Pictures stay out, but every line of the data is copied exactly.

- **Input**:
* * * *
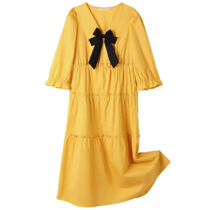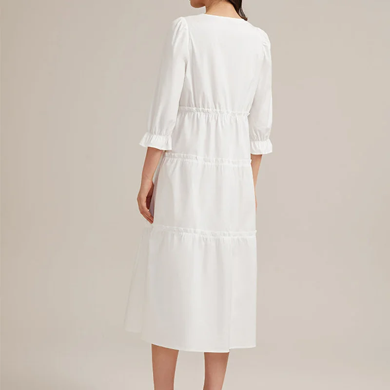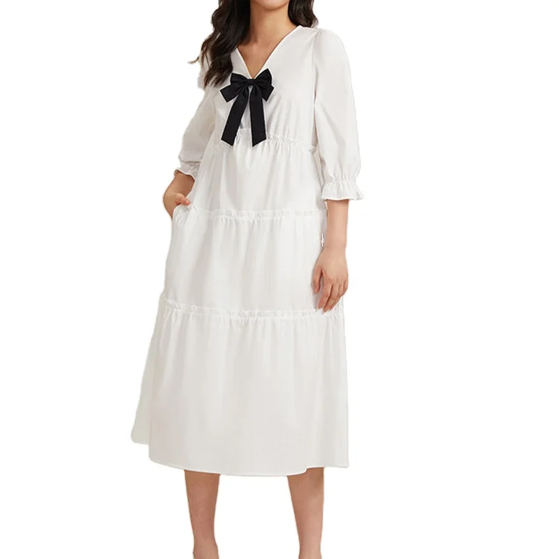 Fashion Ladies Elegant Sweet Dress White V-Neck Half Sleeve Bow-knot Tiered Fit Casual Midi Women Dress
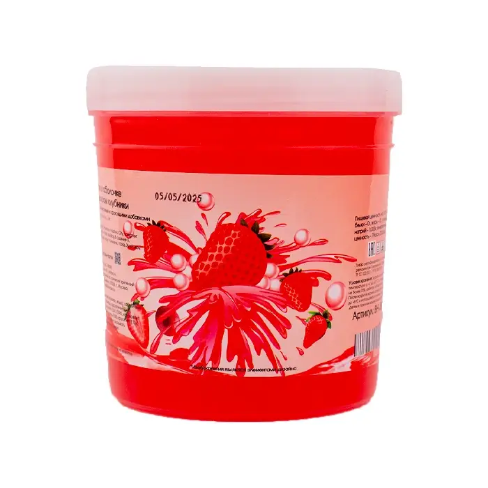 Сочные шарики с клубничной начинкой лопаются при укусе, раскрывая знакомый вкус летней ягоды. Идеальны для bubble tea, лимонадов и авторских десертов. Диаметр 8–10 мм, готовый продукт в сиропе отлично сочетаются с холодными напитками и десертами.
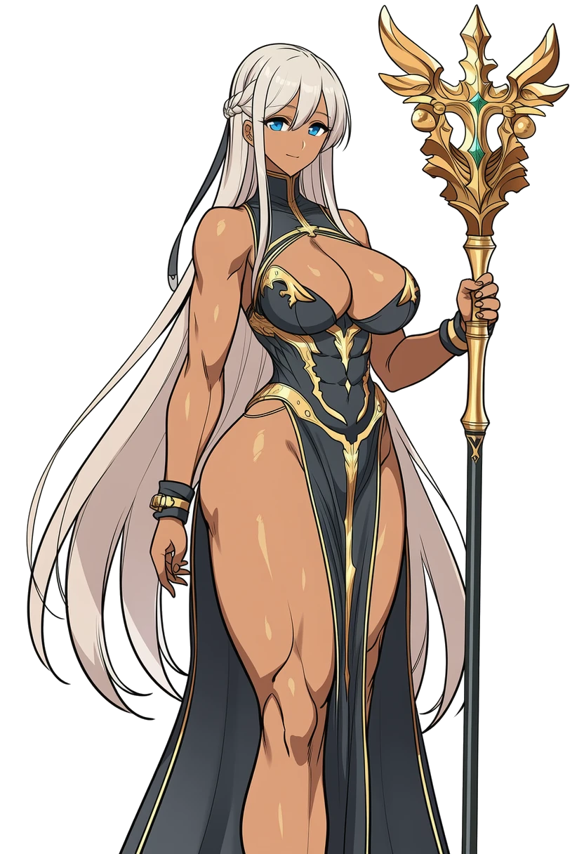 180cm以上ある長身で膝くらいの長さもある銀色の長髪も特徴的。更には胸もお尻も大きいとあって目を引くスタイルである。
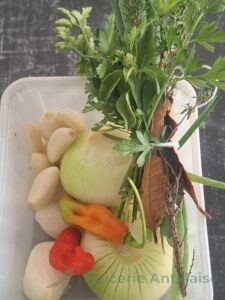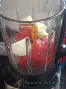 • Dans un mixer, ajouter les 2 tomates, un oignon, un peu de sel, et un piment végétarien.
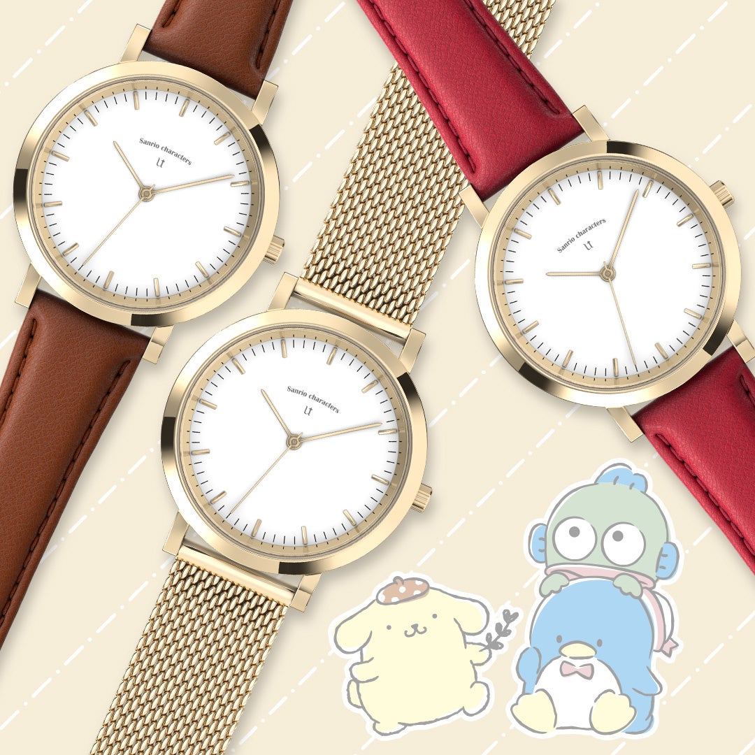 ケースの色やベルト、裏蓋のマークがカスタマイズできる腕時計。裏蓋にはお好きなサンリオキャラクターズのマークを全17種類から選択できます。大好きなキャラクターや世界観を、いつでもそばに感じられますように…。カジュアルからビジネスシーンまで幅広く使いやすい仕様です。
* * * *
- **Output for this exercise**:
 Fashion Ladies Elegant Sweet Dress White V-Neck Half Sleeve Bow-knot Tiered Fit Casual Midi Women Dress
 Сочные шарики с клубничной начинкой лопаются при укусе, раскрывая знакомый вкус летней ягоды. Идеальны для bubble tea, лимонадов и авторских десертов. Диаметр 8–10 мм, готовый продукт в сиропе отлично сочетаются с холодными напитками и десертами.
 180cm以上ある長身で膝くらいの長さもある銀色の長髪も特徴的。更には胸もお尻も大きいとあって目を引くスタイルである。
 • Dans un mixer, ajouter les 2 tomates, un oignon, un peu de sel, et un piment végétarien.
 ケースの色やベルト、裏蓋のマークがカスタマイズできる腕時計。裏蓋にはお好きなサンリオキャラクターズのマークを全17種類から選択できます。大好きなキャラクターや世界観を、いつでもそばに感じられますように…。カジュアルからビジネスシーンまで幅広く使いやすい仕様です。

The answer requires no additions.